Downloaded most  .txz files (except src) from mirror..
Then realized should download IMAGE files, so downloaded
...  i386.. disc1.iso ...  but very windy ... why does that matter ? 
If your  curious .....
- signal is bounced from Parksville to tower on Lasqueti Island then to tower Mt Pocohontus then beamed down to us. ie; http://www.gilliesbay.ca/wireless/ .

anyway...  growisofs is not on my system ...
can I use it remotely like...
# freebsd.org/bin/growisofs  -Z /dev/cd0 image.iso  ??

Probably not ..  so can I install growisofs when I don't have either 'install' or 'pkg'
on my system?

Thanks Ron


----------



## ShelLuser (Jan 22, 2018)

I'm not sure I follow what you're trying to do here. According to a quick locate command I believe growisofs to be part of sysutils/dvd+rw-tools. So install that port and you should get your binary.

And why wouldn't you have pkg on your system? Even the rescue cd provides it as far as I recall (probably the bootstrap, but still...). It should suffice.

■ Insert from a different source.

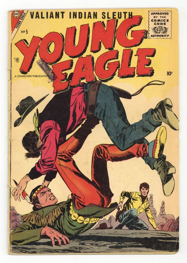 Cover by Dick Giordano and Vince Alascia. Stories and art by Charles Nicholas, Sal Trapani, Bill Discount and Rocco "Rocke" Mastroserio. Frontier scout Young Eagle and his trained eagle Clawfoot aid the US Cavalry at Fort Wayne. When fellow tribesmen are legally swindled out of their gold-rich land, Young Eagle tries to stop the scam. After saving each other's lives, Young Eagle and outlaw Jim Slavin join forces to battle a land baron who wants Slavin's water. When trapper Kurt Dolman repeatedly violates the treaty with Young Eagle's tribe, he risks starting a war. Indian Gold; Loonie Les; White Brother; The Net of Nature; Molasses Mouth; Treaty Trouble; Potlatch. Final issue of the series. 32 pages, Full Color. Cover price $0.10.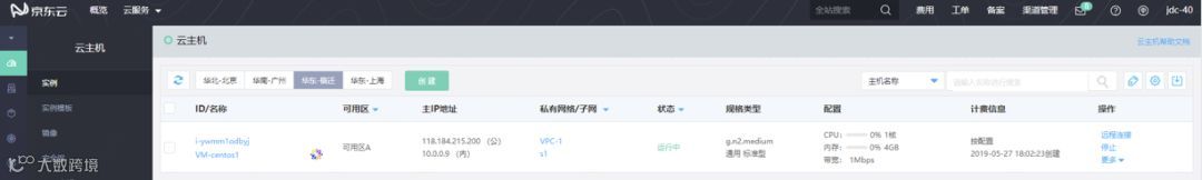 登录京东云控制台,选择弹性计算-云主机-实例,可看到购买的主机实例:

But to answer the question: no, you can't install software without pkg, and you'll need that in order to install the port which provides the tool.


----------



## Phishfry (Jan 22, 2018)

Buggzy... said:


> Then realized should download IMAGE files, so downloaded
> ... i386.. disc1.iso


On FreeBSD the ISO images are only meant for optical drives. If you are using a USB stick then use the memstick.img.
Are you installing from scratch or trying to upgrade 10.0?


----------



## SirDice (Jan 22, 2018)

Buggzy... said:


> Have base 10.0 ...


FreeBSD 10.0 has been End-of-Life since February 2015 and is not supported any more. Please upgrade to a _supported_ version.

https://www.freebsd.org/security/unsupported.html
Topics about unsupported FreeBSD versions


----------



## SirDice (Jan 23, 2018)

Buggzy... said:


> That's what I'm trying to do


Use freebsd-update(8)



Buggzy... said:


> pkg: long story ... did pkg - something .. fetched it ... checked signature .. ok ...
> but then said can't install for some reason ... so maybe try again!!


It's giving you that error because FreeBSD 10.0 is End-of-Life.


----------